NEW DELHI: Abrupt resignation of Madras High Court Chief Justice Vijaya K Tahilramani after the Supreme Court Collegium declined her request to reconsider her transfer to Meghalaya, has created a controversy in the legal fraternity though neither side refused to budge from their positions.
Tahilramani tendered her resignation to President Ram Nath Kovind and sent a copy of it to Chief Justice of India Ranjan Gogoi on Friday night. Prior to that, her appeal for cancelling her transfer to Shillong was already rejected by the Collegium headed by none other than the Chief Justice who hails from the Northeast.
Reacting to her resignation, senior Supreme Court lawyer Prashant Bhushan tweeted: “Shameful that the SC Collegium decided to transfer CJ Tahilramani (one of the senior most judges in India) of Chennai HC to the smallest court Meghalaya.
According to one report in the judiciary, the decision to transfer her was taken by the
Collegium based on the feedback received from Madras High Court. But curiously, maximum protest was received from that high court against her transfer.
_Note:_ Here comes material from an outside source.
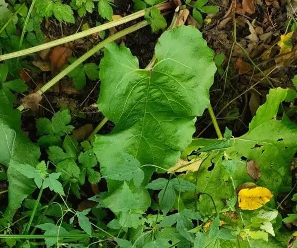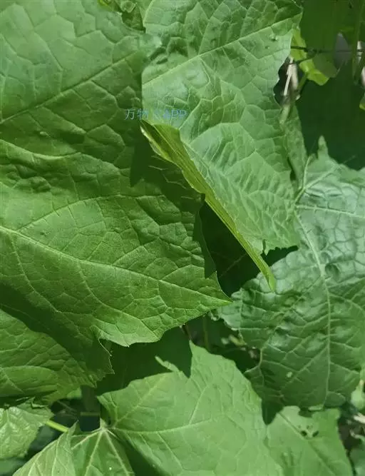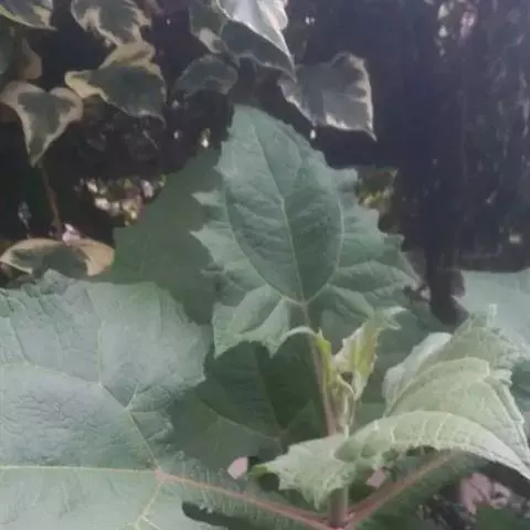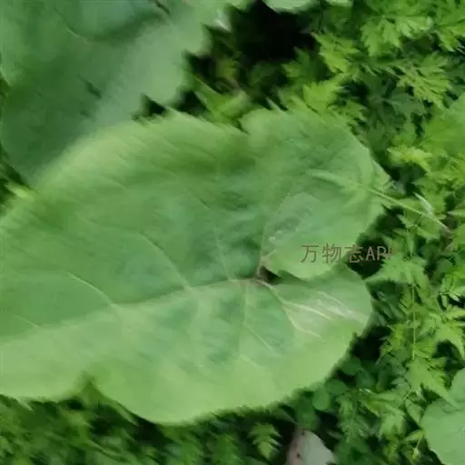 基生叶宽卵形,长达30厘米,宽达21厘米,边缘稀疏的浅波状凹齿或齿尖,基部心形,有长达32厘米的叶柄,两面异色,上面绿色,有稀疏的短糙毛及黄色小腺点,下面灰白色或淡绿色,被薄绒毛或绒毛稀疏,有黄色小腺点,叶柄灰白色,被稠密的蛛丝状绒毛及黄色小腺点,但中下部常脱毛。茎生叶与基生叶同形或近同形,具等样的及等量的毛被,接花序下部的叶小,基部平截或浅心形。

Justice Tahilramani had made her decision to resign public on the night of September 6, during a dinner hosted by six Madras HC judges who had been made permanent recently.
“Thanking the judges for their cooperation ever since she took over as the Chief Justice on August 12 last year, Justice Tahilramani told them that she had discharged her duty without any fear or favour right from the time she assumed office as a judge of the Bombay High Court in June 2001,” one report said.
Lawyers practicing in the Madras HC had written a letter to the Supreme Court stating that “these kind of arbitrary transfers whittle away the independence of the judiciary and the confidence of judges.”
They had requested the Collegium to reconsider the transfer and “ensure that the confidence of the Bar and the Bench and the litigant public did not get eroded further.”
“To now transfer her to one of the smallest High Courts is nothing short of a punishment and a
humiliation. It cannot be justified on the principle of administrative interests, which is an
expression that can be used in every case. It is ironical that a person of her seniority is being
assigned to the smallest High Court. Any transfer should meet with an element of fairness but it is noticed, of late, that there appears to be no norms in the matter of transfer of judges,” the memorandum read.
Tahilramani, one of the senior-most judges in India, has overseen various important cases, such as the Bilkis Bano gang-rape case during the 2002 Gujarat communal violence, in which she upheld life imprisonment of 11 convicts in 2017.